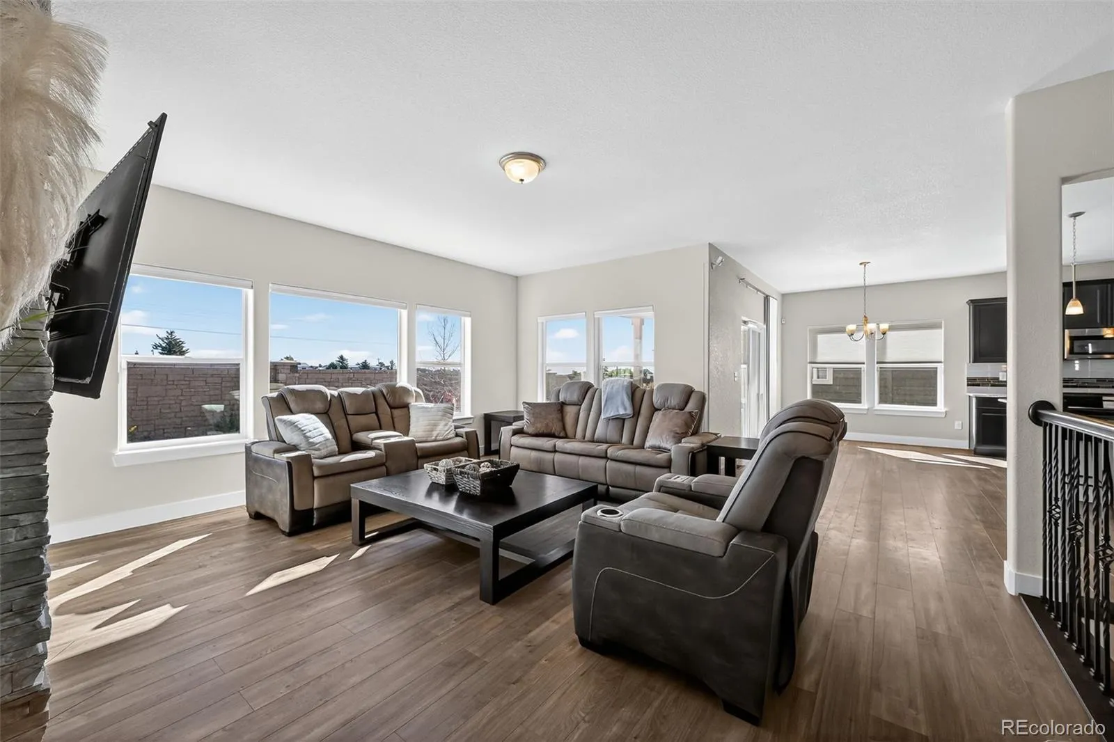 Welcome to your dream home in the highly sought-after Wolf Ranch community, located in the award-winning Academy District 20. Built in 2022, this stunning Challenger Homes “Monte Rosa” model sits on a beautifully landscaped .16-acre lot and offers five spacious bedrooms, three bathrooms, and a three-car garage with luxurious upgrades throughout. Step inside to a bright, open-concept layout designed for modern living. The gourmet kitchen features granite countertops, a gas cooktop, double ovens, upgraded backsplash, designer lighting, and elegant cabinetry. The great room centers around a floor-to-ceiling stone gas fireplace, creating the perfect setting for relaxing or entertaining. Natural light fills the main level, highlighting the warm tones and upgraded finishes. The main level includes extended laminate flooring and four bedrooms, including a serene primary suite with a spa-inspired bath, a large walk-in shower, dual sinks, and direct access from the laundry room to the primary closet for added convenience. Downstairs, the expansive finished basement offers a large family or rec room, a fifth bedroom, flex space ideal for a home office or gym, and an unfinished area ready for future customization. Pre-plumbed for a wet bar, the basement is ready for entertaining. This home includes thoughtful details such as hot tub pre-wire, an extended concrete patio, pre-wiring for holiday lighting, insulated garage doors, central air, and wooden window sills. Enjoy all that Wolf Ranch has to offer, from community parks and walking trails to neighborhood events and top-rated schools including Legacy Peak Elementary, Chinook Trail Middle, and Liberty High School. Don’t miss your chance to own this upgraded gem—schedule your private showing today or view the virtual tour!
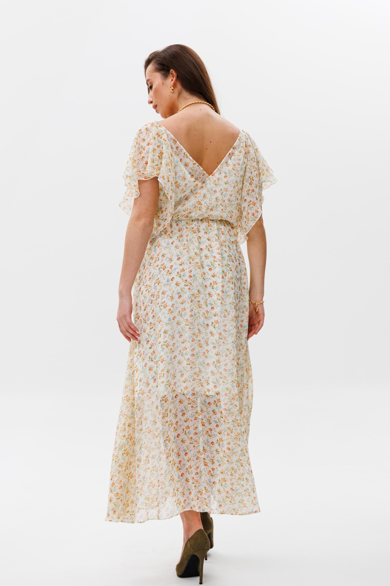 Женственное платье в пол отрезное по линии талии. Верхняя передняя часть платья состоит из двух частей. Правая передняя часть платья заходит левую переднюю часть по линии талии. Верхняя часть спинки платья со средним швом, с V-образным вырезом горловины. Рукав состоит из двух частей цельнокроеных с верхней передней частью платья и спинкой. На линии плеч детали рукавов соединяются короткими бретелями. Юбка платья покроя полусолнце по линии талии собрана на тесьму-резинку.
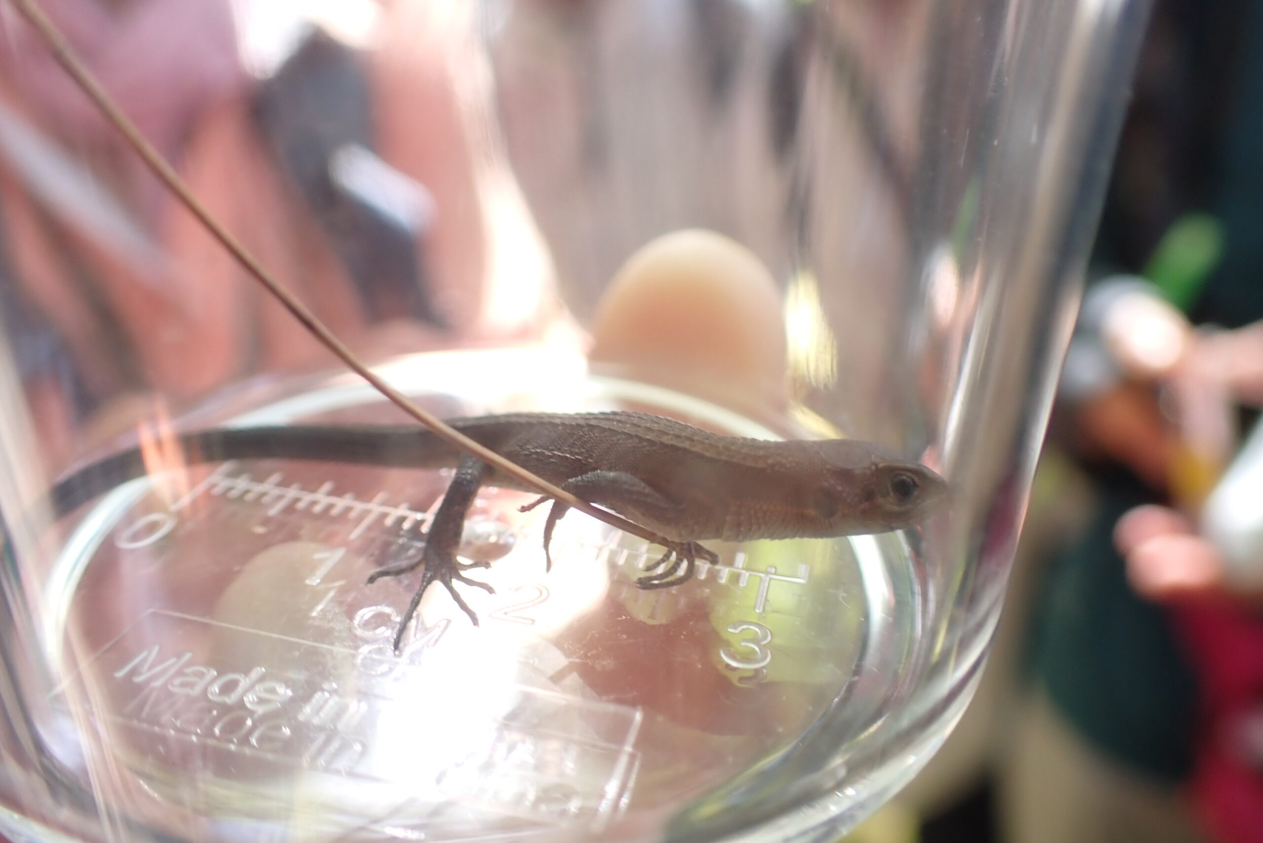 草地には、今年生まれのニホンカナヘビたちがたくさんいました。
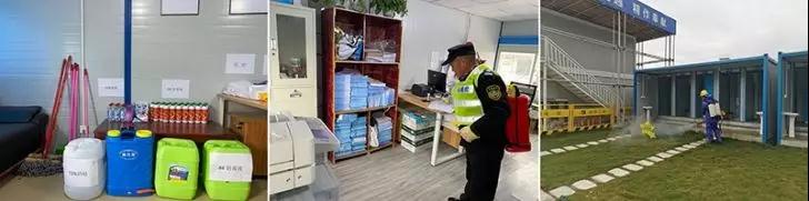 第三步,勤消殺無死角。在作業(yè)工人返崗前,各項目管理人員提前到崗,準(zhǔn)備應(yīng)急物資,同時監(jiān)督辦公區(qū)、生活區(qū)、膳食區(qū)的消毒工作。
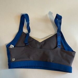 Fabletics Small Sports Bra Adjustable Straps Mesh Sweetheart Neckline Gray Blue.
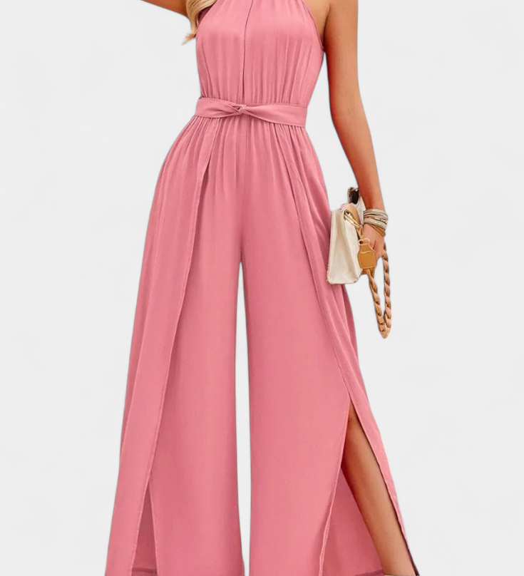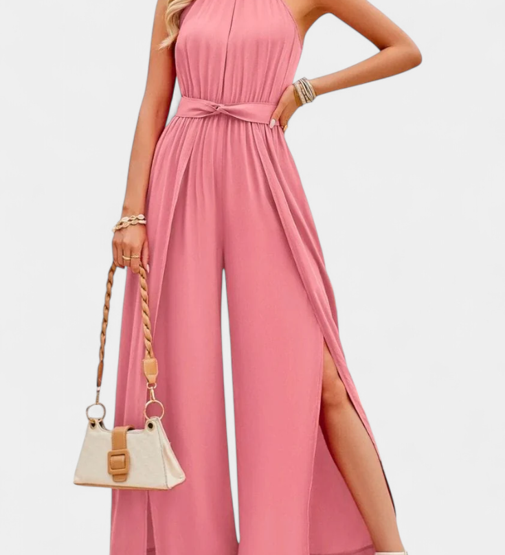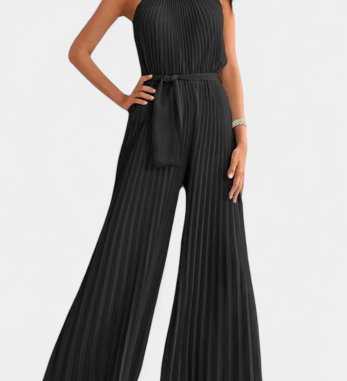 Elegante Patrizia Mono Palazzo Plisado con Cuello Halter para un estilo sofisticado
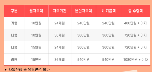 | 유형 | 월 저축액 | 저축기간 | 본인 적립액 | 시 지원금 | 총 수령액 |
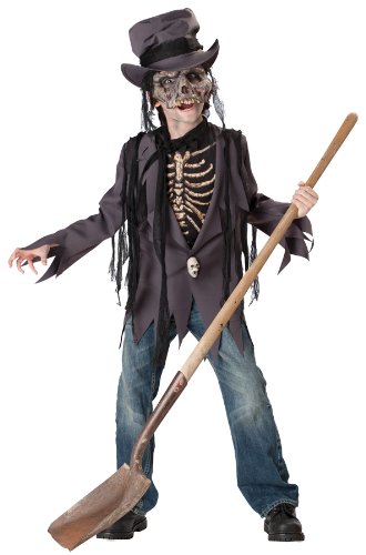 Product DescriptionJacket, detachable gauze strips, gauze scarf, skull button, dickie with skeleton print, vinyl mask and hat. Shovel, pants and makeup not included. Child size 12.0
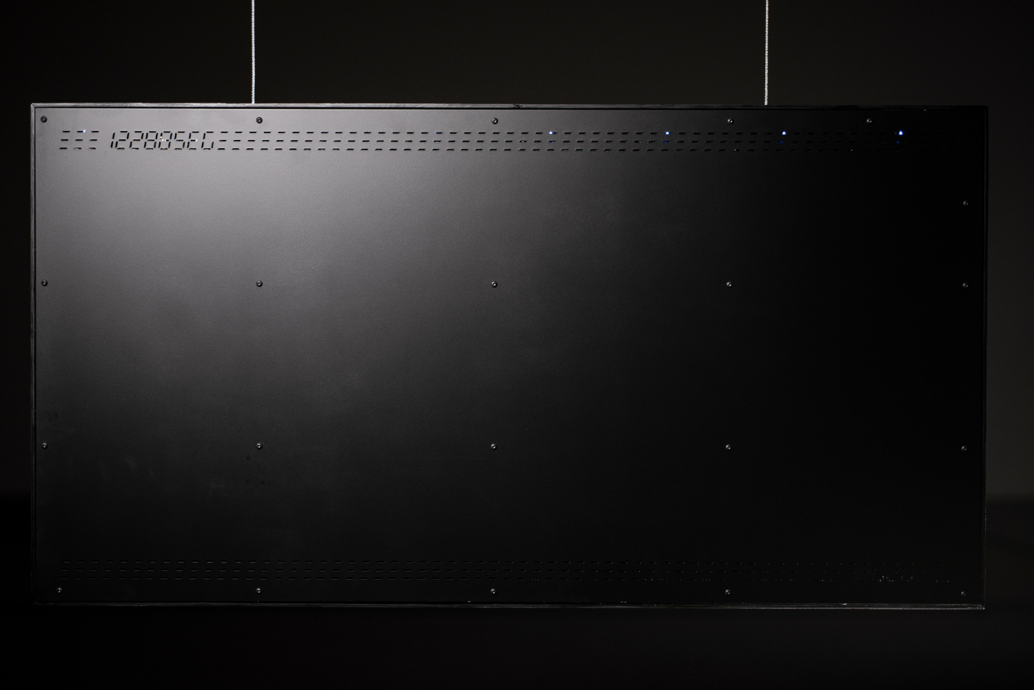 The LED displays are encased in an “smoked” acrylic box and the back plate is made from laser cut steel.
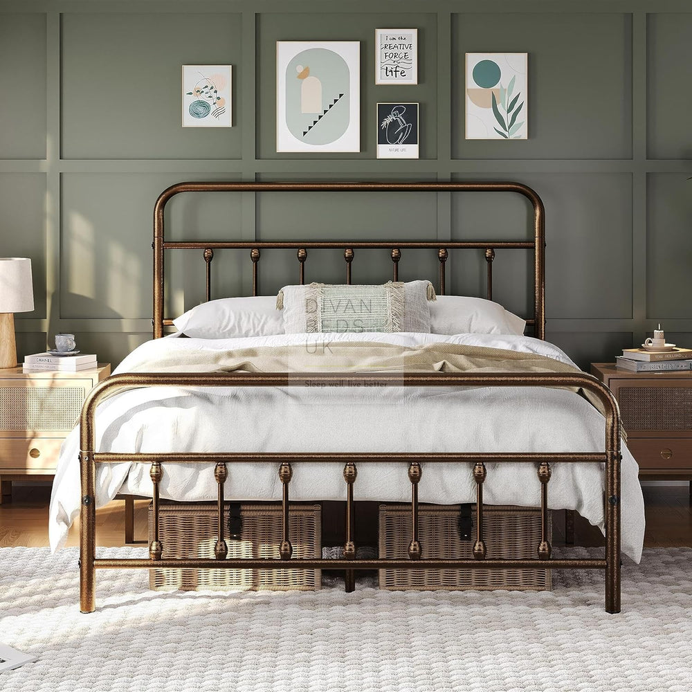 Check out our collection of metal bed frames with a distinctive antique bronze finish for a touch of industrial and retro style. We also offer a variety of other finishes such as brass, black, white, and grey to suit your preferences.
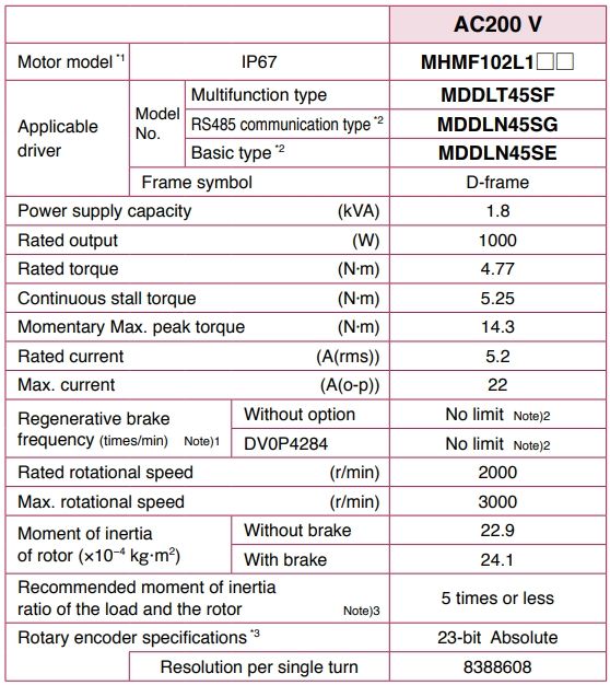 Panasonic Servo Motor 1KW Panasonic AC Servo Motors and Drives Servo Motor (เซอร์โวมอเตอร์) และ Servo Driver (เซอร์โว ไดร์เวอร์) 1KW
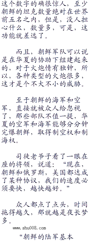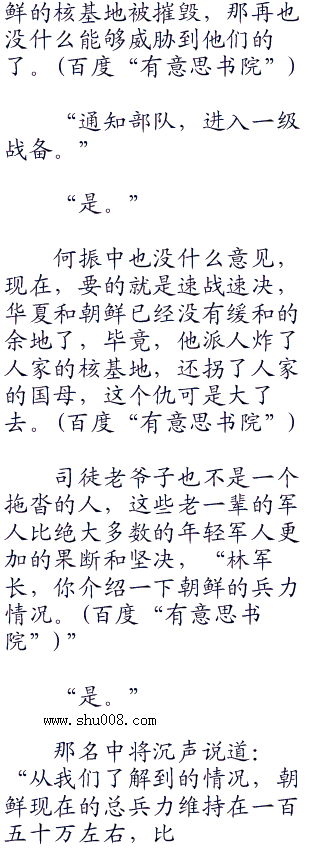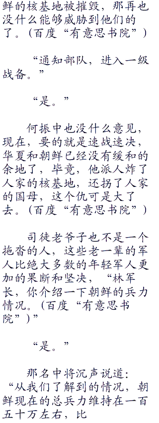 何振中环视了一眼众人,沉声说道:“现在,朝鲜的两座地下核基地均已被我们的特种兵彻底摧毁,现在,朝鲜对我们的核威慑已经彻底消除。”
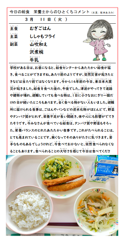 今日が令和6年度最後の給食でした。
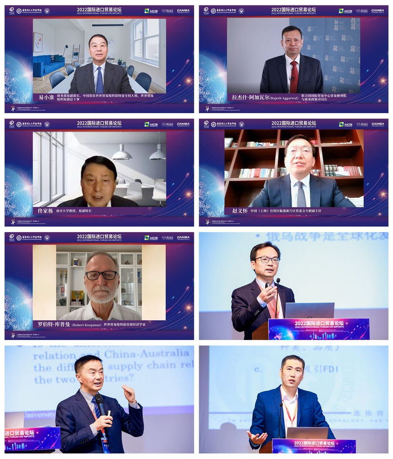 主论坛上,商务部原副部长、中国常驻世界贸易组织原特命全权大使、世界贸易组织原副总干事易小准,联合国国际贸易中心贸易便利化与商业政策司司长拉杰什·阿加瓦尔,南开大学教授、原副校长佟家栋,中国(上海)自贸区临港新片区管委会专职副主任赵义怀,世界贸易组织前首席经济学家罗伯特·库普曼,对外经贸大学中国WTO研究院教授、院长屠新泉,复旦大学经济学院教授、上海世界经济学会会长罗长远,华理商学院特聘研究员车翼分别就“开放共赢”“全球贸易开放”“数字经贸”“开放型经济体制”“贸易政策”“全球产业链”“国际供应链”“进口贸易”等议题发表主旨演讲。
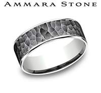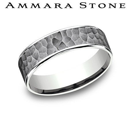 Ammara Stone White Gold and Grey Tantalum Satin Hammered Center Wedding Band

** INSTRUCTIONS TO FOLLOW **
Take the line with "Product DescriptionJacket, detachable" as the first line and the last line of the records above as the final one; reproduce exactly the lines between them, both included, without pictures.

** ANSWER FOR THE TASK **
 Product DescriptionJacket, detachable gauze strips, gauze scarf, skull button, dickie with skeleton print, vinyl mask and hat. Shovel, pants and makeup not included. Child size 12.0
 The LED displays are encased in an “smoked” acrylic box and the back plate is made from laser cut steel.
 Check out our collection of metal bed frames with a distinctive antique bronze finish for a touch of industrial and retro style. We also offer a variety of other finishes such as brass, black, white, and grey to suit your preferences.
 Panasonic Servo Motor 1KW Panasonic AC Servo Motors and Drives Servo Motor (เซอร์โวมอเตอร์) และ Servo Driver (เซอร์โว ไดร์เวอร์) 1KW
 何振中环视了一眼众人,沉声说道:“现在,朝鲜的两座地下核基地均已被我们的特种兵彻底摧毁,现在,朝鲜对我们的核威慑已经彻底消除。”
 今日が令和6年度最後の給食でした。
 主论坛上,商务部原副部长、中国常驻世界贸易组织原特命全权大使、世界贸易组织原副总干事易小准,联合国国际贸易中心贸易便利化与商业政策司司长拉杰什·阿加瓦尔,南开大学教授、原副校长佟家栋,中国(上海)自贸区临港新片区管委会专职副主任赵义怀,世界贸易组织前首席经济学家罗伯特·库普曼,对外经贸大学中国WTO研究院教授、院长屠新泉,复旦大学经济学院教授、上海世界经济学会会长罗长远,华理商学院特聘研究员车翼分别就“开放共赢”“全球贸易开放”“数字经贸”“开放型经济体制”“贸易政策”“全球产业链”“国际供应链”“进口贸易”等议题发表主旨演讲。
 Ammara Stone White Gold and Grey Tantalum Satin Hammered Center Wedding Band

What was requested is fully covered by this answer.